William lifted his eyebrows in reluctant agreement. A large, muscular man with bushy auburn hair and dark eyes, he was a larger-than-life commander with a temperament to match. He was an exacting master and a skilled one, and he lavished praise and rewards upon his favorites. But he was also very selfish. He wanted his subordinates’ attention on him and his needs.
To hear that his great Warwolfe was focused on retrieving a lost man had him somewhat unhappy at the moment. He understood very well that the Anges de Guerre were a close-knit group and the loss of one of them was disturbing for all, but he was very reluctant to allow Gaetan to leave him now when he needed him the most.
There was the conquest of a country at stake.
“Then it would seem she has been truthful thus far,” he replied belatedly. “But there is no guarantee that she is not leading you into a trap, Gate.”
“That is very true, but Kristoph is clearly with her brother. We have no choice but to follow him.”
“But why risk all of your men? I do not believe you are thinking clearly.”
Gaetan knew that William was reluctant to let him go and he knew why; the duke was inherently selfish. He didn’t like that Gaetan wanted to do something other than contribute to the glory of the conquest. Warwolfe, as far as William was concerned, belonged to him and so did his wants and ambitions. Anything that went against what William wanted was met with resistance. Therefore, Gaetan was very careful in his reply.
“I am thinking clearly enough, my lord,” he said steadily. “The longer we discuss it, the further away Alary of Mercia trav
els and the longer it will take me to retrieve Kristoph. You must look at it this way – when I catch up to Alary, he will be the first man to fall under my sword. For abducting Kristoph, make no mistake – I will kill the man. With this brother gone, Edwin and Morcar and the others will be, mayhap, more willing to negotiate with you or even support you rather than resist because they realize their lives will be at stake. Alary’s death will send a definitive message to those nobles who choose to resist. So, in a sense, I will be sending a message of Norman dominance to the entire country.”
It was a manipulative statement but the duke seemed to agree, reluctant as that agreement was. “That is true,” he admitted. “Sending my Anges de Guerre to blaze the trail before me will, indeed, send a message.”
“Aye, it will, my lord.”
“But I do not want all of you to go.”
Gaetan cocked an eyebrow. His patience was growing thin. “You know that we travel as a unit,” he said. “We work as a unit. If I must choose to leave some behind, you will have extremely unhappy men on your hands. Besides… you have plenty of knights and more than enough support for a further incursion into the country. You do not need me and my men at the moment. We must bring back one of our own, my lord. Surely you understand that.”
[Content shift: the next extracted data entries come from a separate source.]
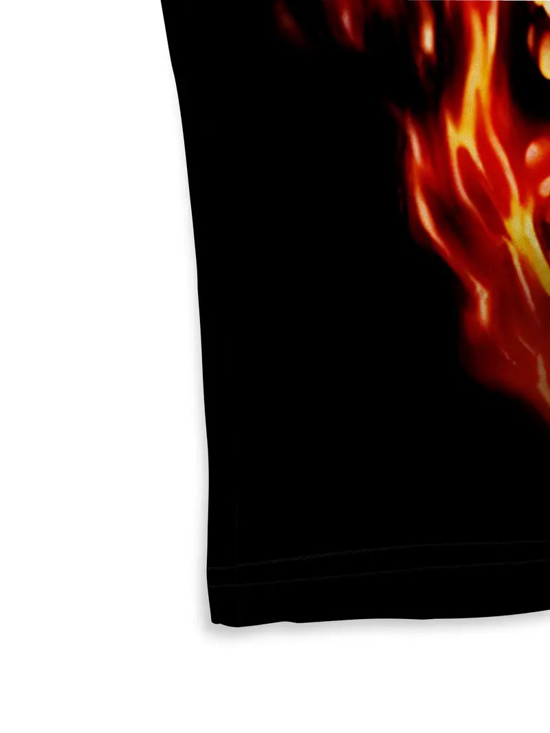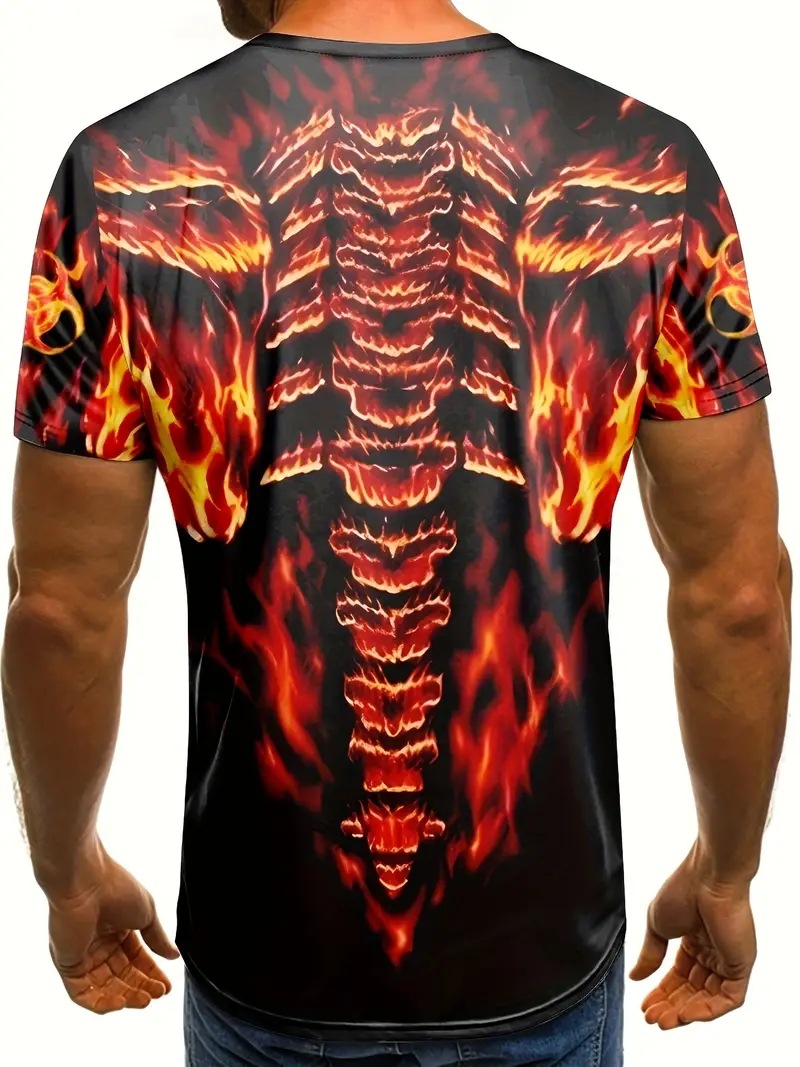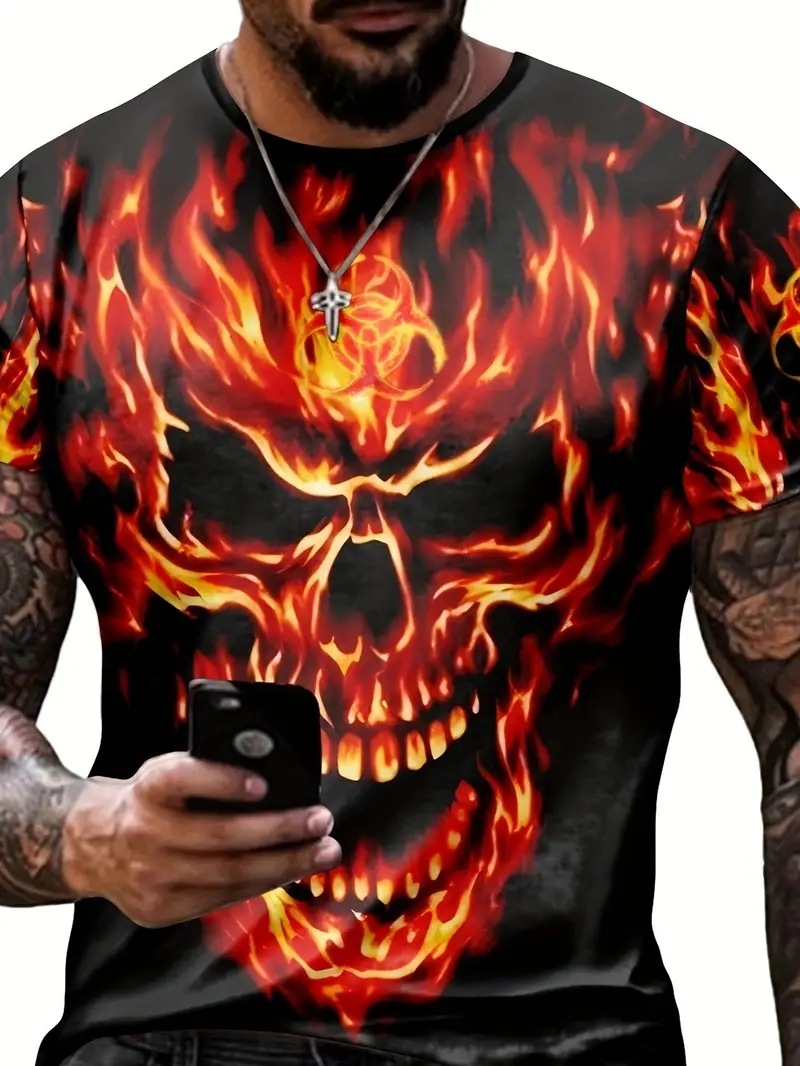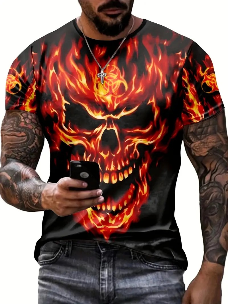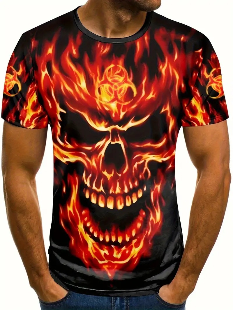 Hellfire Skull 3D Impresión digital de los hombres Verano suelto de malla de la calle alta transpirable de manga corta con cuello redondo camiseta en stock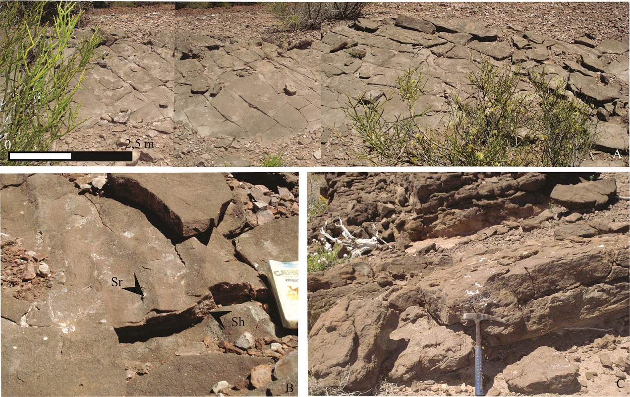 The outcrops in this study (Fig. 1) represent both types of a terminal fan basin margin, and were selected based on the quality and continuity of exposure, abundance of sandstone, accessibility, and their potential for expanded, detailed studies. The methods used for the collection and analysis of data from the Candeleros Formation in the west-central Neuquén Basin follow a stratigraphic and sedimentological approach: a survey of 3 sections over 15 km with identification of the different integrating sedimentary units (Figs. 1a and c). Facies analysis and mapping was completed on photomosaic outcrop maps. This technique was used to define lithosomes and their bounding surfaces. We identified the lithology, sedimentary structures (Table 1), geometry of the deposits and paleocurrent data, which were then analyzed statistically. Also, extensive outcrops were photographed in order to identify and document any architectural elements (Table 2) present in accordance with the methodology proposed by Miall (1985). In addition, we carried out an integrated profile development at a scale of approximately 1:20 (Fig. 2) in order to provide detailed documentation of the facies profiles. Their identification and interpretation, together with the analysis of associations and architectural elements at meso-macro scale allowed the identification of processes involved in the development of the terminal fan units.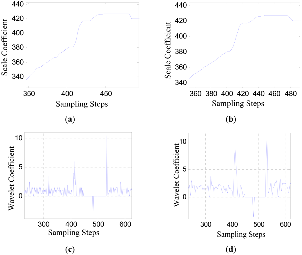 The analytical results of the converted signal pha(k) based on stationary wavelet transform algorithm are shown in Figure 7. The signal is transformed on two scales (j = 1,2). Figure 7(a,b) show the scale coefficients, and Figure 7(c,d) show the wavelet coefficients.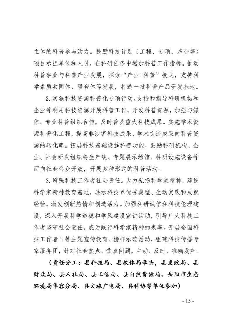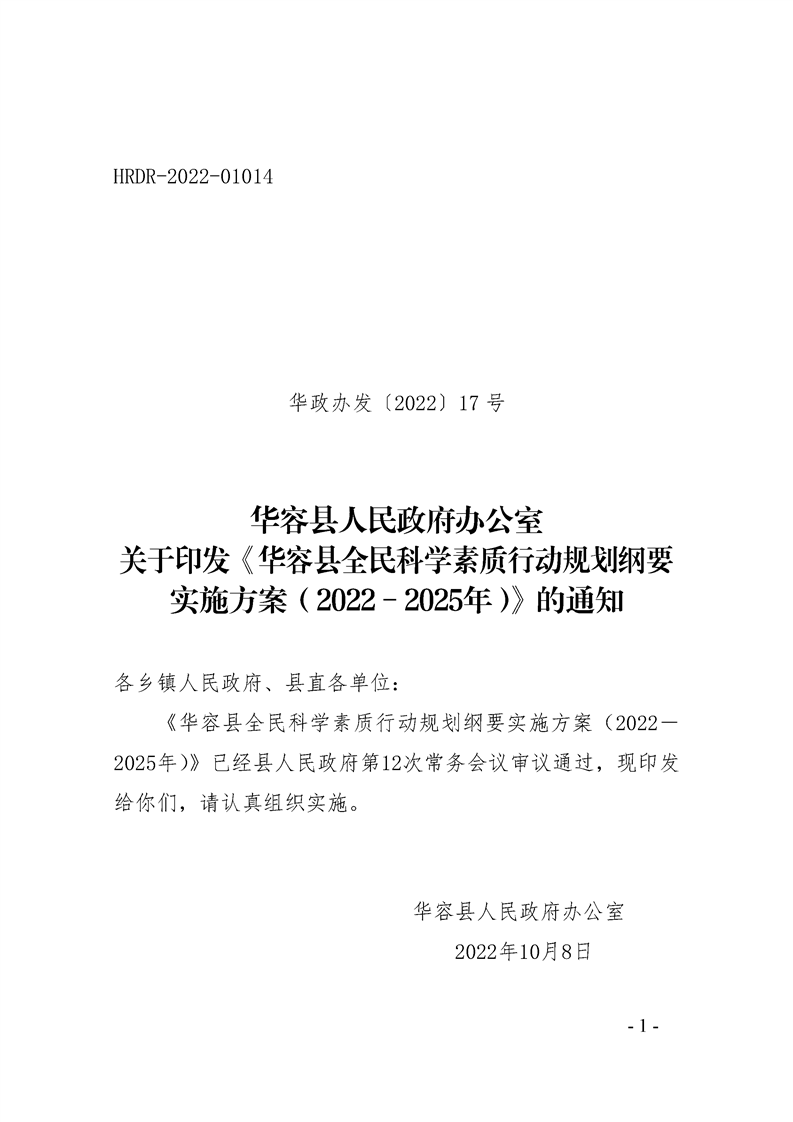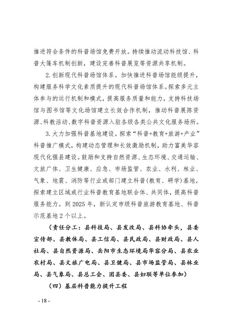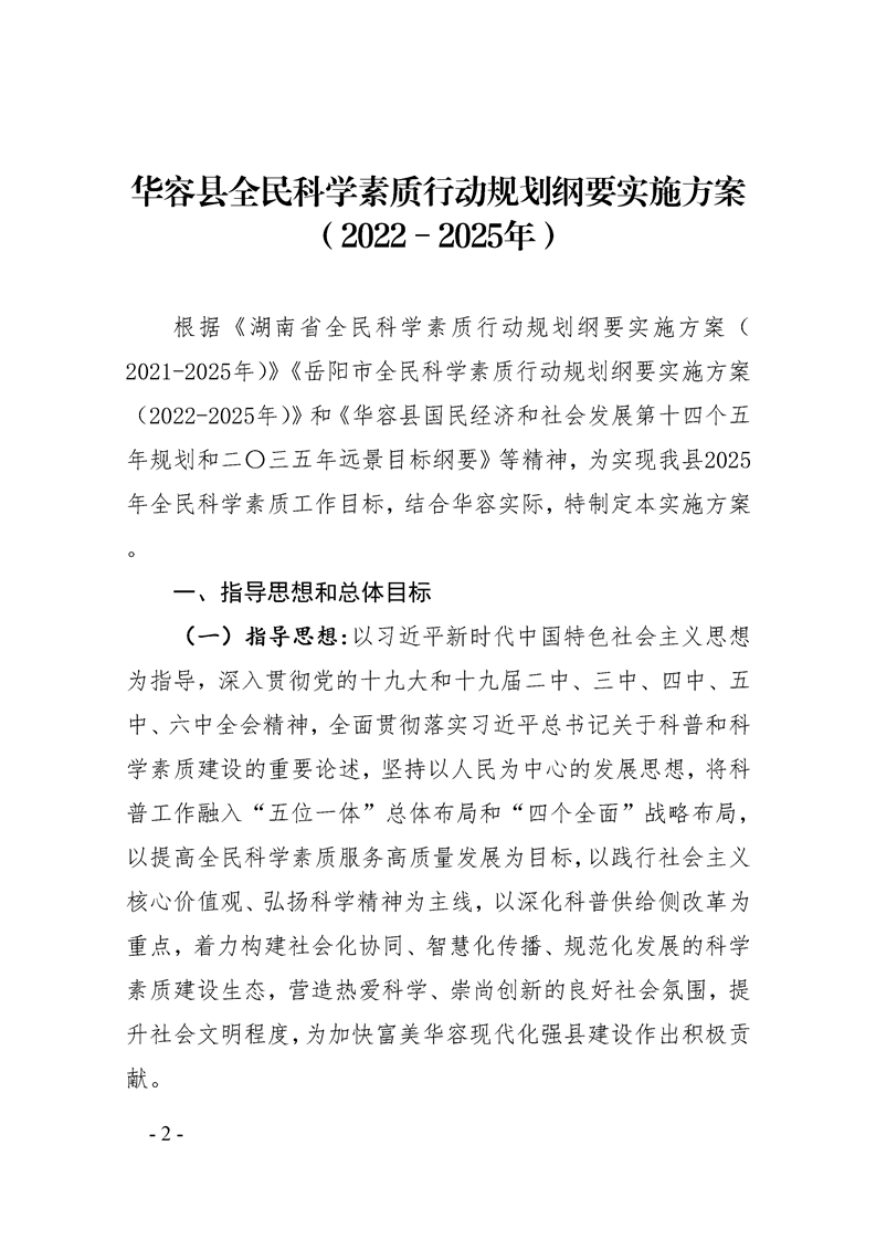 华容县人民政府办公室 关于印发《华容县全民科学素质行动规划纲要 实施方案(2022-2025年)》的通知

William eyed him a moment before going to the pewter pitcher of wine and pouring two cups. He brought one over to Gaetan, all the while pondering the situation and what needed to be done. Truth be told, he knew he couldn’t deny Gaetan’s wish to save Kristoph de Lohr from Alary of Mercia’s clutches. Gaetan and Kristoph were like brothers and to deny Gaetan would only incite rage in the man. He didn’t need his Warwolfe directing hatred against him. Therefore, he had to be clever about this so they could both get what they wanted out of the situation. He had to make this work for them both.